Down to the last line below, write out every line exactly, starting with the one that contains "beyaz, dantel örgüden" and leaving out the pictures.

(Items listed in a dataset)
******************************

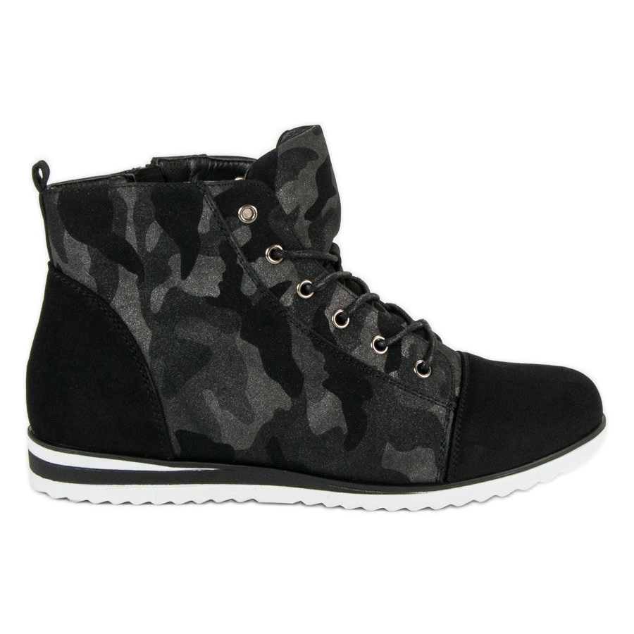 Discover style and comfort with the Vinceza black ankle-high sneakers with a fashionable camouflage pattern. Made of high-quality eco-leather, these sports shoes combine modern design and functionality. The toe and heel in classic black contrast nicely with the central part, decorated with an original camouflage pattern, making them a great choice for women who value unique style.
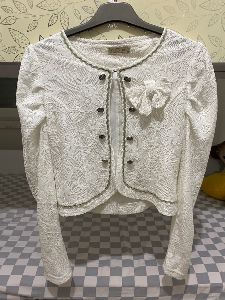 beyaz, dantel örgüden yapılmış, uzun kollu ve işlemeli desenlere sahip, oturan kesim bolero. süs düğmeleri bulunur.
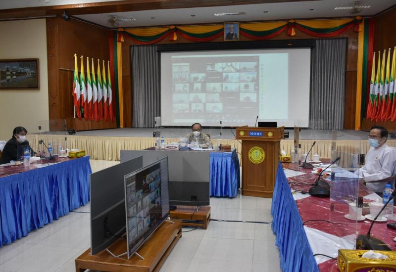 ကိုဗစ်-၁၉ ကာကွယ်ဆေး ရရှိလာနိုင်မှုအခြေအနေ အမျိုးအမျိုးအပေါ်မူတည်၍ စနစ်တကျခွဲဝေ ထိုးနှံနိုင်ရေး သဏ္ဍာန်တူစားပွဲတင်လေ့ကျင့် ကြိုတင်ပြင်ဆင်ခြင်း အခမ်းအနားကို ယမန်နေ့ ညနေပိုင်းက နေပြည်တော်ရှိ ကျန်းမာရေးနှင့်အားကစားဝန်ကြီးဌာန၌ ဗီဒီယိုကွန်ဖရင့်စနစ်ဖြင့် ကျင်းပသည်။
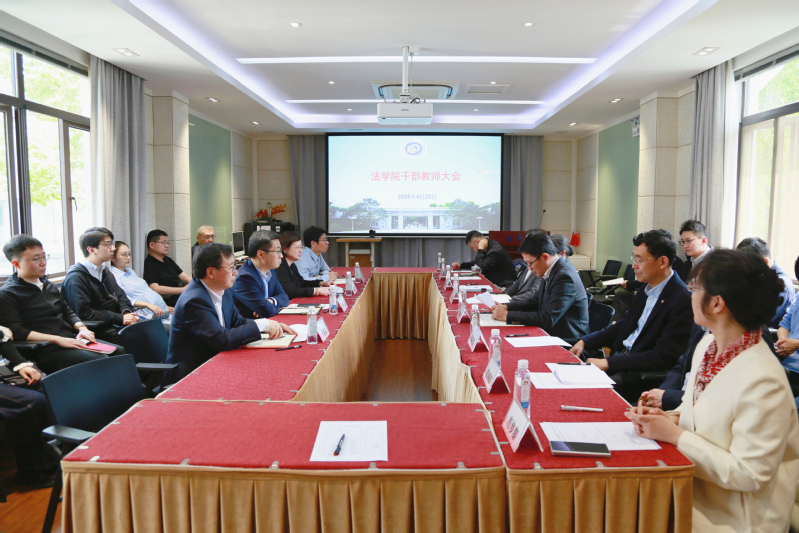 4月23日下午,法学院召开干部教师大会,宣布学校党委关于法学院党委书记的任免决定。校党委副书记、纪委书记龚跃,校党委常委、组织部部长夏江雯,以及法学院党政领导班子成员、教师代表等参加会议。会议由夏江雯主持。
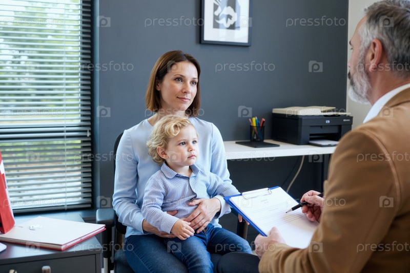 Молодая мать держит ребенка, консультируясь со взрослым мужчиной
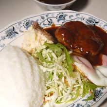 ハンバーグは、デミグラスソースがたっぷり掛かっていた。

******************************

Solution for this task
 beyaz, dantel örgüden yapılmış, uzun kollu ve işlemeli desenlere sahip, oturan kesim bolero. süs düğmeleri bulunur.
 ကိုဗစ်-၁၉ ကာကွယ်ဆေး ရရှိလာနိုင်မှုအခြေအနေ အမျိုးအမျိုးအပေါ်မူတည်၍ စနစ်တကျခွဲဝေ ထိုးနှံနိုင်ရေး သဏ္ဍာန်တူစားပွဲတင်လေ့ကျင့် ကြိုတင်ပြင်ဆင်ခြင်း အခမ်းအနားကို ယမန်နေ့ ညနေပိုင်းက နေပြည်တော်ရှိ ကျန်းမာရေးနှင့်အားကစားဝန်ကြီးဌာန၌ ဗီဒီယိုကွန်ဖရင့်စနစ်ဖြင့် ကျင်းပသည်။
 4月23日下午,法学院召开干部教师大会,宣布学校党委关于法学院党委书记的任免决定。校党委副书记、纪委书记龚跃,校党委常委、组织部部长夏江雯,以及法学院党政领导班子成员、教师代表等参加会议。会议由夏江雯主持。
 Молодая мать держит ребенка, консультируясь со взрослым мужчиной
 ハンバーグは、デミグラスソースがたっぷり掛かっていた。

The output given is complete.